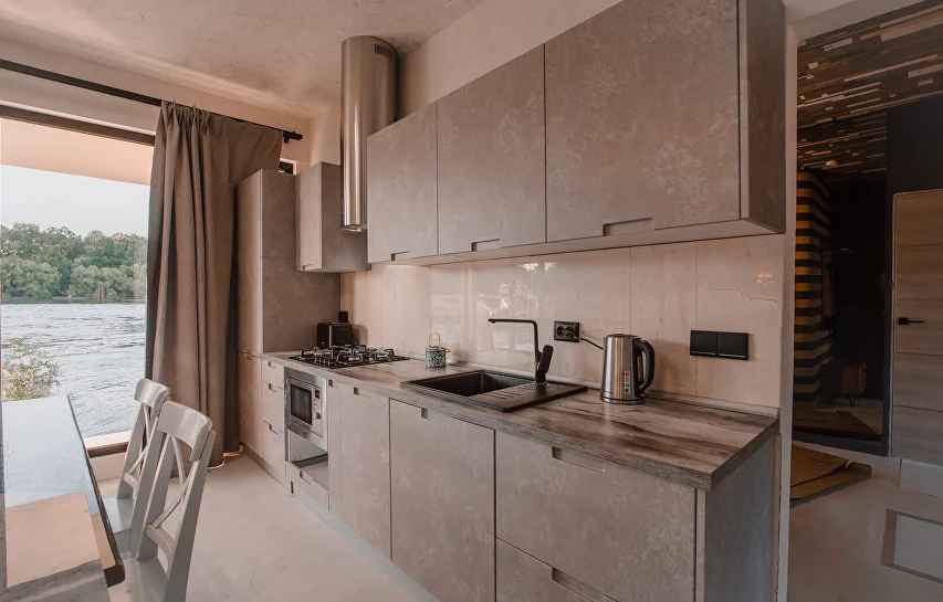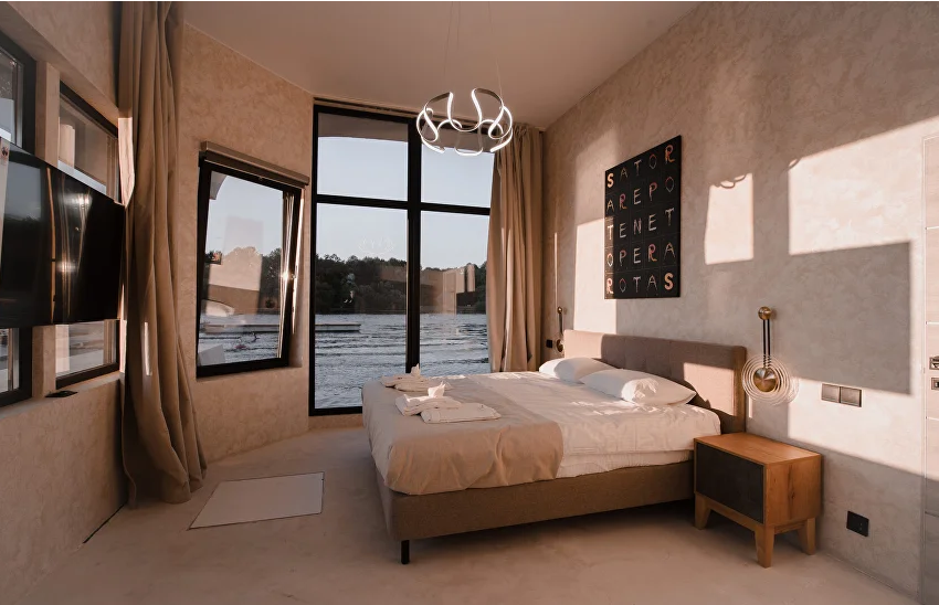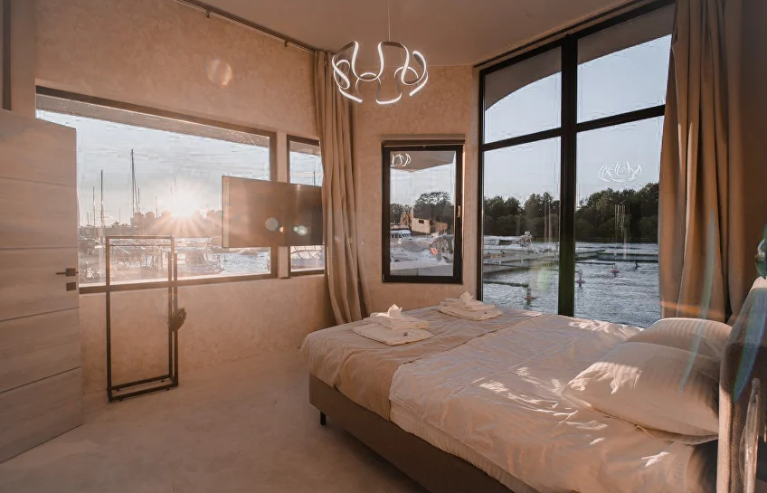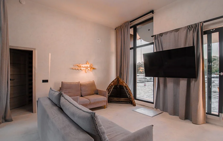 Дом на воде оборудован всем необходимым для комфортного отдыха, три комфортабельные мебелированные спальни, кухня, телевизор, Wi-Fi, панорамные окна с видом на реку Нева. Собственный совмещенный санузел с гигиеническими принадлежностями.
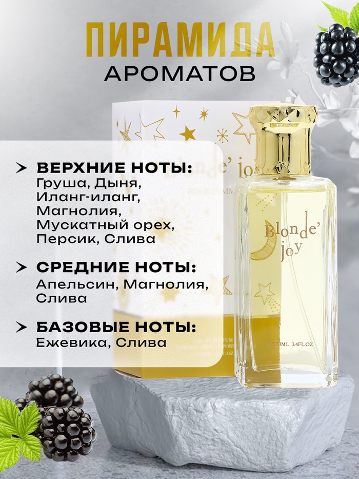 Верхние ноты: Магнолия, Слива, Груша, Дыня, Персик, Мускатный орех, Иланг-иланг
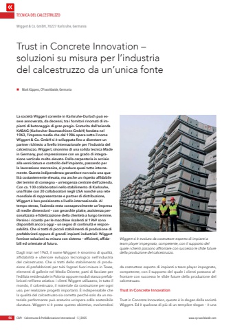 TECNICA DEL CALCESTRUZZO46 C&PI %u2013 Calcestruzzo & Prefabbricazione International %u2013 5 | 2025 www.cpi-worldwide.comLa societ%u00e0 Wiggert corrente in Karlsruhe-Durlach pu%u00f2 essere annoverata, da decenni, tra i fornitori rinomati di impianti di betonaggio di gran pregio. Scaturita dall%u2019azienda KABAG (Karlsruher Baumaschinen GmbH) fondata nel 1963, l%u2019impresa media che dal 1986 opera sotto il nome Wiggert & Co. GmbH si %u00e8 sviluppata fino a diventare un partner richiesto a livello internazionale per l%u2019industria del calcestruzzo. Wiggert, sinonimo di una solida tecnica Made in Germany, pu%u00f2 impressionare con un grado di integrazione verticale molto elevato. Dalla carpenteria in acciaio alla verniciatura e controllo dell%u2019impianto, passando per la lavorazione meccanica, si produce quasi tutto internamente. Questa indipendenza garantisce non solo una qualit%u00e0 costantemente elevata, ma anche un rispetto affidabile dei termini di consegna %u2013 un%u2019esigenza centrale dell%u2019azienda. Con ca. 100 collaboratori nello stabilimento di Karlsruhe, una filiale con 20 collaboratori negli USA nonch%u00e9 una rete mondiale di rappresentanze e partner di distribuzione, Wiggert %u00e8 ben posizionato a livello internazionale. Al tempo stesso, l%u2019azienda resta consapevolmente un%u2019impresa di medie dimensioni %u2013 con gerarchie piatte, assistenza personalizzata e fidelizzazione della clientela a lungo termine. Persino i ricambi per le macchine risalenti al 1969 sono disponibili ancora oggi %u2013 un segno di continuit%u00e0 e responsabilit%u00e0. Che si tratti di piccoli stabilimenti di produzione di prefabbricati oppure di grandi impianti industriali: Wiggert fornisce soluzioni su misura con sistema %u2013 efficienti, affidabili ed orientate al futuro.Dagli inizi nel 1963, il nome Wiggert %u00e8 sinonimo di qualit%u00e0, affidabilit%u00e0 e ulteriore sviluppo tecnologico nell%u2019industria del calcestruzzo. Che si tratti dello stabilimento di produzione di prefabbricati per tubi fognari fuori misura in Texas, elementi di gallerie nel Medio Oriente, parti di facciate per l%u2019edilizia residenziale in Polonia oppure moduli stanza prefabbricati nell%u2019area asiatica: i clienti Wiggert utilizzano, in tutto il mondo, il calcestruzzo, il materiale da costruzione per ogni uso, per realizzare progetti importanti. %u00c8 indispensabile che la qualit%u00e0 del calcestruzzo sia corretta perch%u00e9 solo da un materiale performante pu%u00f2 scaturire un%u2019opera edile sostenibile duratura. Wiggert si %u00e8 posta questo obiettivo, evolvendosi da costruttore esperto di impianti a team player impegnato, competente, con il supporto del quale i clienti possono affrontare con successo le sfide future della produzione del calcestruzzo.Trust in Concrete InnovationTrust in Concrete Innovation, questo %u00e8 lo slogan della societ%u00e0 Wiggert. Ed %u00e8 qualcosa di pi%u00f9 di un semplice slogan %u2013 %u00e8 una Trust in Concrete Innovation %u2013 soluzioni su misura per l%u2019industria del calcestruzzo da un%u2019unica fonteWiggert & Co. GmbH, 76227 Karlsruhe, Germania n Mark K%u00fcppers, CPi worldwide, GermaniaWiggert si %u00e8 evoluto da costruttore esperto di impianti a team player impegnato, competente, con il supporto del quale i clienti possono affrontare con successo le sfide future della produzione del calcestruzzo.
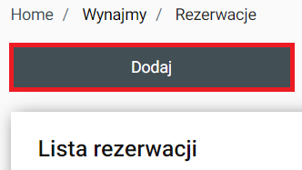Nad listą znajduje się przycisk Dodaj po kliknięciu na niego zostajemy przeniesieni do Home / Wynajmy / Rezerwacje / Dodawanie gdzie można będzie utworzyć nową rezerwację.
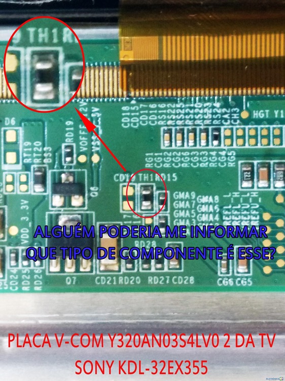 POR CONTA DE UM DESCUIDO, ACABEI PERDENDO ESSE COMPONENTE E AGORA NÃO CONSIGO IDENTIFICÁ-LO POIS NA SERIGRAFIA SÓ CONSTA TH1, ALGUÉM PODERIA ME AJUDAR? PLACA V-COM DA SONY KDL-32EX355. SEGUE IMAGEM...- 6 respostas
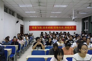 本次活动的主题是:青春飞扬,追求卓越;经验传承,展望未来。公司通过自荐、选拔出一批优秀的青年学子,到新生班级去分享自己的青春励志故事。杨曾同学学分绩点在年级名列前茅,他分享了自己独特的学习经验,亲切的话语,温馨的叮嘱,向新生们提出了大学学习的重要。丁宁同学以亲身经历为新生们打开数学建模的世界大门,鼓励新生们挑战自我,积极参加各种数模比赛。郑静同学就出国留学方面,给大家介绍了非常宝贵的经验,让新生们受益匪浅。陈楠同学讲述了自己暑假赴埃及进行叙利亚维护和平志愿活动的经历,鼓励同学们要积极参与社会实践活动,全方位地锻炼自我,在磨练中成长。
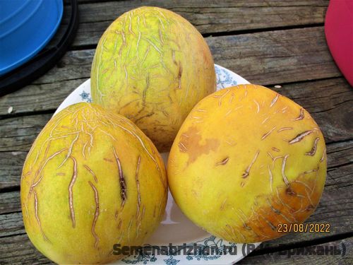 • Новый сорт дыни не оставит равнодушным ни одного гурмана! Сочная, плотная и ароматная мякоть оранжевого оттенка просто тает во рту! Вкус очень сладкий, освежающий. Сорт среднеспелый – период от посева до созревания первого плода составляет около 90 дней. Отличается высокой устойчивостью к заболеваниям и ожогам, адаптированностью к перепадам температур и великолепной транспортабельностью. Масса дыни достигает 1,5-2,5 кг. Плоды отлично хранятся, не утрачивая вкуса и аромата. Нарезанная аккуратными кубиками дыня станет неповторимым украшением фруктовых салатов и коктейлей.
★ ★ ★ ★ ★
ACTIVITY: Each record above must be retyped exactly, minus its pictures.

WRITTEN SOLUTION:
 Дом на воде оборудован всем необходимым для комфортного отдыха, три комфортабельные мебелированные спальни, кухня, телевизор, Wi-Fi, панорамные окна с видом на реку Нева. Собственный совмещенный санузел с гигиеническими принадлежностями.
 Верхние ноты: Магнолия, Слива, Груша, Дыня, Персик, Мускатный орех, Иланг-иланг
 TECNICA DEL CALCESTRUZZO46 C&PI %u2013 Calcestruzzo & Prefabbricazione International %u2013 5 | 2025 www.cpi-worldwide.comLa societ%u00e0 Wiggert corrente in Karlsruhe-Durlach pu%u00f2 essere annoverata, da decenni, tra i fornitori rinomati di impianti di betonaggio di gran pregio. Scaturita dall%u2019azienda KABAG (Karlsruher Baumaschinen GmbH) fondata nel 1963, l%u2019impresa media che dal 1986 opera sotto il nome Wiggert & Co. GmbH si %u00e8 sviluppata fino a diventare un partner richiesto a livello internazionale per l%u2019industria del calcestruzzo. Wiggert, sinonimo di una solida tecnica Made in Germany, pu%u00f2 impressionare con un grado di integrazione verticale molto elevato. Dalla carpenteria in acciaio alla verniciatura e controllo dell%u2019impianto, passando per la lavorazione meccanica, si produce quasi tutto internamente. Questa indipendenza garantisce non solo una qualit%u00e0 costantemente elevata, ma anche un rispetto affidabile dei termini di consegna %u2013 un%u2019esigenza centrale dell%u2019azienda. Con ca. 100 collaboratori nello stabilimento di Karlsruhe, una filiale con 20 collaboratori negli USA nonch%u00e9 una rete mondiale di rappresentanze e partner di distribuzione, Wiggert %u00e8 ben posizionato a livello internazionale. Al tempo stesso, l%u2019azienda resta consapevolmente un%u2019impresa di medie dimensioni %u2013 con gerarchie piatte, assistenza personalizzata e fidelizzazione della clientela a lungo termine. Persino i ricambi per le macchine risalenti al 1969 sono disponibili ancora oggi %u2013 un segno di continuit%u00e0 e responsabilit%u00e0. Che si tratti di piccoli stabilimenti di produzione di prefabbricati oppure di grandi impianti industriali: Wiggert fornisce soluzioni su misura con sistema %u2013 efficienti, affidabili ed orientate al futuro.Dagli inizi nel 1963, il nome Wiggert %u00e8 sinonimo di qualit%u00e0, affidabilit%u00e0 e ulteriore sviluppo tecnologico nell%u2019industria del calcestruzzo. Che si tratti dello stabilimento di produzione di prefabbricati per tubi fognari fuori misura in Texas, elementi di gallerie nel Medio Oriente, parti di facciate per l%u2019edilizia residenziale in Polonia oppure moduli stanza prefabbricati nell%u2019area asiatica: i clienti Wiggert utilizzano, in tutto il mondo, il calcestruzzo, il materiale da costruzione per ogni uso, per realizzare progetti importanti. %u00c8 indispensabile che la qualit%u00e0 del calcestruzzo sia corretta perch%u00e9 solo da un materiale performante pu%u00f2 scaturire un%u2019opera edile sostenibile duratura. Wiggert si %u00e8 posta questo obiettivo, evolvendosi da costruttore esperto di impianti a team player impegnato, competente, con il supporto del quale i clienti possono affrontare con successo le sfide future della produzione del calcestruzzo.Trust in Concrete InnovationTrust in Concrete Innovation, questo %u00e8 lo slogan della societ%u00e0 Wiggert. Ed %u00e8 qualcosa di pi%u00f9 di un semplice slogan %u2013 %u00e8 una Trust in Concrete Innovation %u2013 soluzioni su misura per l%u2019industria del calcestruzzo da un%u2019unica fonteWiggert & Co. GmbH, 76227 Karlsruhe, Germania n Mark K%u00fcppers, CPi worldwide, GermaniaWiggert si %u00e8 evoluto da costruttore esperto di impianti a team player impegnato, competente, con il supporto del quale i clienti possono affrontare con successo le sfide future della produzione del calcestruzzo.
Nad listą znajduje się przycisk Dodaj po kliknięciu na niego zostajemy przeniesieni do Home / Wynajmy / Rezerwacje / Dodawanie gdzie można będzie utworzyć nową rezerwację.
 POR CONTA DE UM DESCUIDO, ACABEI PERDENDO ESSE COMPONENTE E AGORA NÃO CONSIGO IDENTIFICÁ-LO POIS NA SERIGRAFIA SÓ CONSTA TH1, ALGUÉM PODERIA ME AJUDAR? PLACA V-COM DA SONY KDL-32EX355. SEGUE IMAGEM...- 6 respostas
 本次活动的主题是:青春飞扬,追求卓越;经验传承,展望未来。公司通过自荐、选拔出一批优秀的青年学子,到新生班级去分享自己的青春励志故事。杨曾同学学分绩点在年级名列前茅,他分享了自己独特的学习经验,亲切的话语,温馨的叮嘱,向新生们提出了大学学习的重要。丁宁同学以亲身经历为新生们打开数学建模的世界大门,鼓励新生们挑战自我,积极参加各种数模比赛。郑静同学就出国留学方面,给大家介绍了非常宝贵的经验,让新生们受益匪浅。陈楠同学讲述了自己暑假赴埃及进行叙利亚维护和平志愿活动的经历,鼓励同学们要积极参与社会实践活动,全方位地锻炼自我,在磨练中成长。
 • Новый сорт дыни не оставит равнодушным ни одного гурмана! Сочная, плотная и ароматная мякоть оранжевого оттенка просто тает во рту! Вкус очень сладкий, освежающий. Сорт среднеспелый – период от посева до созревания первого плода составляет около 90 дней. Отличается высокой устойчивостью к заболеваниям и ожогам, адаптированностью к перепадам температур и великолепной транспортабельностью. Масса дыни достигает 1,5-2,5 кг. Плоды отлично хранятся, не утрачивая вкуса и аромата. Нарезанная аккуратными кубиками дыня станет неповторимым украшением фруктовых салатов и коктейлей.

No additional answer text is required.